This year for your Bank Holiday amusement there was a choice of two runs on the same day, either to Hastings with Ian or - as an alternative - to Bexhill with Gary. The attraction of Hastings was, well, thousands of bikes and people to look at amidst the usual scrum. The attraction of Bexhill was a festival of motoring, promising a wide variety of vehicles and spectacles.
I threw in my lot with the Bexhill option, as you will have guessed already, so it was a leisurely start at 10:30 a.m. outside the Pied Bull. So leisurely in fact that Gary and Jackie were about the last to arrive, but there was no desperate rush. Anyway we set off in the direction of Sevenoaks and Tunbridge Wells which lead us eventually to Bexhill sea front. We found a few spaces in which to park a bike (so we did) and started to walk along the front to where the main show area was located, bumping onto Neil on the way.
There was certainly a wide range of vehicles there, commencing chronologically with some ancient and rickety looking steam carriages. The most eye-catching of these had driving wheels of about seven feet in diameter and a passenger compartment which was the same size and shape as a stagecoach but was suspended on leaf springs about eight feet in the air! When this creation took to the road it made slow and pretty wobbly progress, but at least it went. I did not envy the custodians of that piece of history much, because transporting it and keeping it in working order looked like a full-time job!
Following on at a slightly faster pace were examples from the whole gamut of early motoring including a Ford Model T with a couple of Keystone Cops on board, plus vintage examples of a Rolls Royce, a Lagonda and the more humble Austin Seven, to name but a few of the many cars that paraded down the designated area while we watched.
During a lull we proceeded along the promenade, picking up some nosh on the way. At the far end was a field with a small auto jumble and a variety of vintage and "enthusiast" cars on display. By enthusiast I mean, well anything really, including a Ford Granada estate that had been converted into a low-rider pickup with air suspension that kept it barely clear of the ground plus the usual collection of extroverts showing their American motors from the fifties, sixties and seventies. Off to the East end of town there was a steep incline, up which was being staged (as far as I could tell) a run-what-you-brung hill-climb. How it was organised I couldn't tell but there was a queue of vehicles of every size and shape, all with pretensions to having a bit of "oomph".

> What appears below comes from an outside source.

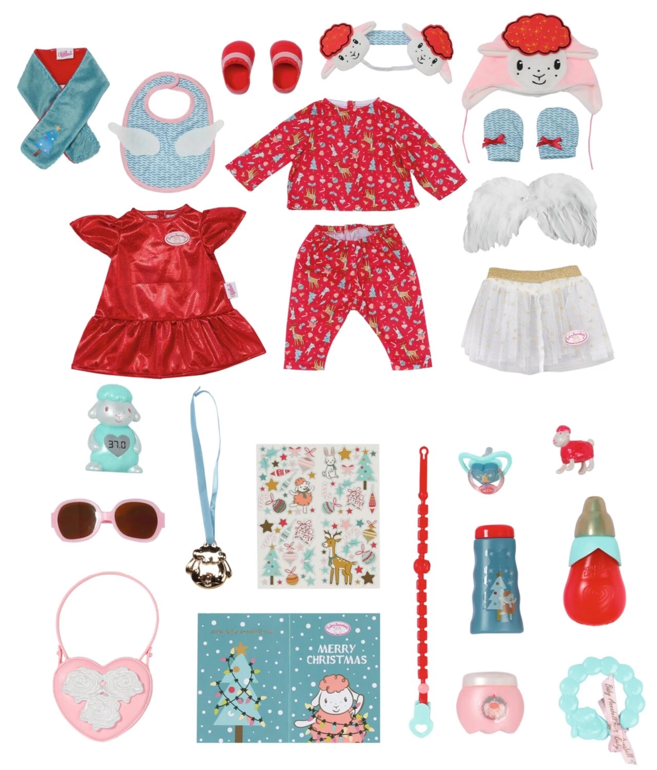 Baby Annabell Adventskalender aus 24 Ăśberraschungen, bestehend aus KleidungsstĂĽcken und Accessoires fĂĽr Baby Annabell.

The percentage of bikes was limited to say the least, with only a Gilera stand to represent the current-day industry, but this was compensated for in part by the diversity of four-wheeled vehicles. Most unusual, not to say impressive, was a statically-displayed one-off creation in the style of a vintage race car but with a twelve cylinder Merlin engine in it. As in Spitfire fighter 'plane... I was lucky enough to be in the vicinity when the owner chose to start it up and the sound was, well, loud and mighty. How it would handle on the road (and stop from speed) was left to your imagination. A radio report on it earlier in the day included the information that it had taken 19 years to put together!
In a similar high-performance vein there was a short rolling demonstration of a compact drag car which was wheeled out and fired up. Having not frequented Santa Pod I only had the announcer's clear and oft-repeated warning to go on that it was going to make a lot of noise. And we were not disappointed - the sound of a methanol-burning V8 under load is a noise-fest of ear-ringing intensity.
Along the length of the promenade there were rock'n'roll bands, ride simulators and all sorts of other distractions, not to mention hundreds of people enjoying the good weather. Ian and Julie even rode along the coast from Hastings for a quick shufti themselves, managing to bump in to some but not all of the early arrivers.
I left town at about four o'clock with Gary, Jackie and John while the good weather was still favouring us, and after a while we joined the general exodus up the A21. Who should catch up with us during a congested section but Ian and Julie who had left Bexhill a while later. As soon as the first bit of clear road presented itself, Ian was off - as only he knows how! The rest of us made a steady progress home, there to contemplate the imminent start of another, if shortened, working week.